◆ What this task involves
Some of the lines below need repeating. Reproduce exactly those between the lines holding "Page de gauche, hortensias" and "Kopi af blæsebælgsten", inclusive.

◆ Records shown

◆ ◆ ◆

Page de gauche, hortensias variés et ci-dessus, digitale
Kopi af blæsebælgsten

◆ ◆ ◆

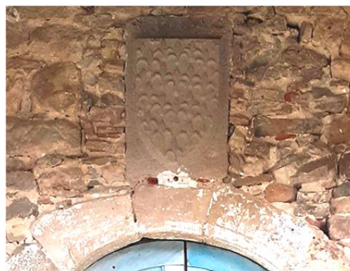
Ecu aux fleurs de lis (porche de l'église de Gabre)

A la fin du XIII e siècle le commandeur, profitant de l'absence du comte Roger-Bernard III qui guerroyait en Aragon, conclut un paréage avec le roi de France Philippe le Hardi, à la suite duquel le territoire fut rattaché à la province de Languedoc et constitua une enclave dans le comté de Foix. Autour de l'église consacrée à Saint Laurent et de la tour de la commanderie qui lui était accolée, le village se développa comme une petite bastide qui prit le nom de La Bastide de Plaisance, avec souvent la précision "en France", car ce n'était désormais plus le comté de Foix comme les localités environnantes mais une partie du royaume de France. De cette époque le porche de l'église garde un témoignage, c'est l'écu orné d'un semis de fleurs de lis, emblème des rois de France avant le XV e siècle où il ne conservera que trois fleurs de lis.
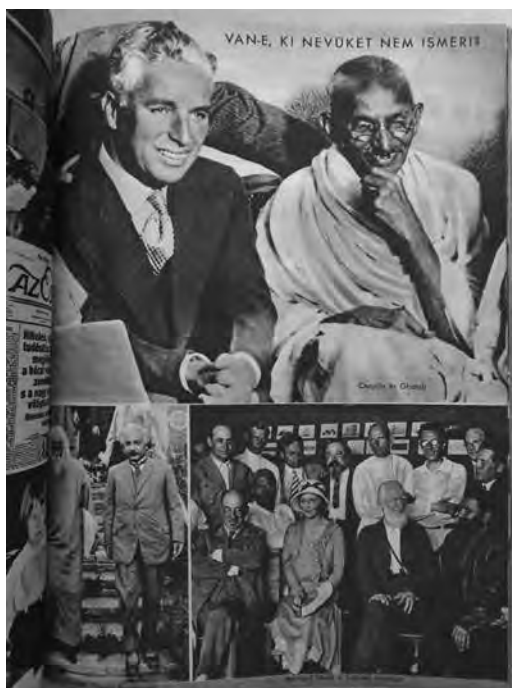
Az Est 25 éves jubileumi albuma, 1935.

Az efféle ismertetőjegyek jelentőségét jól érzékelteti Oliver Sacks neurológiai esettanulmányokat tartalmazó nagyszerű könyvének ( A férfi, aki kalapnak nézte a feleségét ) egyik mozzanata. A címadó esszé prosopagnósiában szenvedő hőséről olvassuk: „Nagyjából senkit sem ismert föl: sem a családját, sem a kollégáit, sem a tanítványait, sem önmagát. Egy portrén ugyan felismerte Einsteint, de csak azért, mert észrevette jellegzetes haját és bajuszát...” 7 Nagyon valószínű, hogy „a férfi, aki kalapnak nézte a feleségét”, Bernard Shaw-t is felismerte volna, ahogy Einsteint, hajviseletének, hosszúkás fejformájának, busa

◆ ◆ ◆

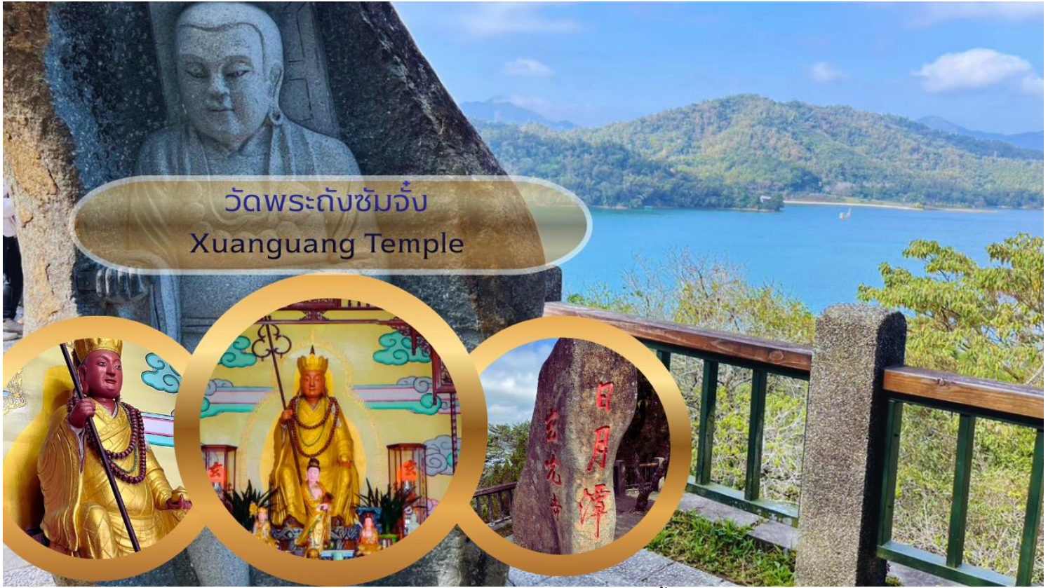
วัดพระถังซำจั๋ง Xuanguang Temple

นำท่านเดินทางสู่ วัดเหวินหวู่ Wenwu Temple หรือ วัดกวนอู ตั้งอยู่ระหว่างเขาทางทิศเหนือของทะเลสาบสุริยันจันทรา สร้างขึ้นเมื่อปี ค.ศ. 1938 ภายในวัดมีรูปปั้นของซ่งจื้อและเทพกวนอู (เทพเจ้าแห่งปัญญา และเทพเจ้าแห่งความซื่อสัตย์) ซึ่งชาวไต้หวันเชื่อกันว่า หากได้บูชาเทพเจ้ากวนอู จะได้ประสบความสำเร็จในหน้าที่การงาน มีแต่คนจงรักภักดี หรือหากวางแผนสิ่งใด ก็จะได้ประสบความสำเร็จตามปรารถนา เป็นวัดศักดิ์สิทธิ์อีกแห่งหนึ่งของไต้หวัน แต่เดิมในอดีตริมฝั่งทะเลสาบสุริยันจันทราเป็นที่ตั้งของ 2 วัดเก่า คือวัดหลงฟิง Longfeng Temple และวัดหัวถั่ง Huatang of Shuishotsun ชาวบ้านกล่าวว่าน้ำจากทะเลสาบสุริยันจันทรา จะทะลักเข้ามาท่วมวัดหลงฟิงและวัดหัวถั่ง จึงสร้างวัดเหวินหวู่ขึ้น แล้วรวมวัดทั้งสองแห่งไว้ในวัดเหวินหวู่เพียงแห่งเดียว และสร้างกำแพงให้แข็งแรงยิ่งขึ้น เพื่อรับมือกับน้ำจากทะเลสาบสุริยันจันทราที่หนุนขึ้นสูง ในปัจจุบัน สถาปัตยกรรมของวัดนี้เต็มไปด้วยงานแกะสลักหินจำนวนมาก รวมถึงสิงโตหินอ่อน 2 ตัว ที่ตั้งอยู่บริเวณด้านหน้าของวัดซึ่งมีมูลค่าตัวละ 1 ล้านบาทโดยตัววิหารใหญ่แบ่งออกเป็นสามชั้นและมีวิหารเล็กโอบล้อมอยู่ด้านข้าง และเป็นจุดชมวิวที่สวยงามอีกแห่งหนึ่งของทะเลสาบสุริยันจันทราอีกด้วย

◆ ◆ ◆

◆ Task output
Page de gauche, hortensias variés et ci-dessus, digitale
Kopi af blæsebælgsten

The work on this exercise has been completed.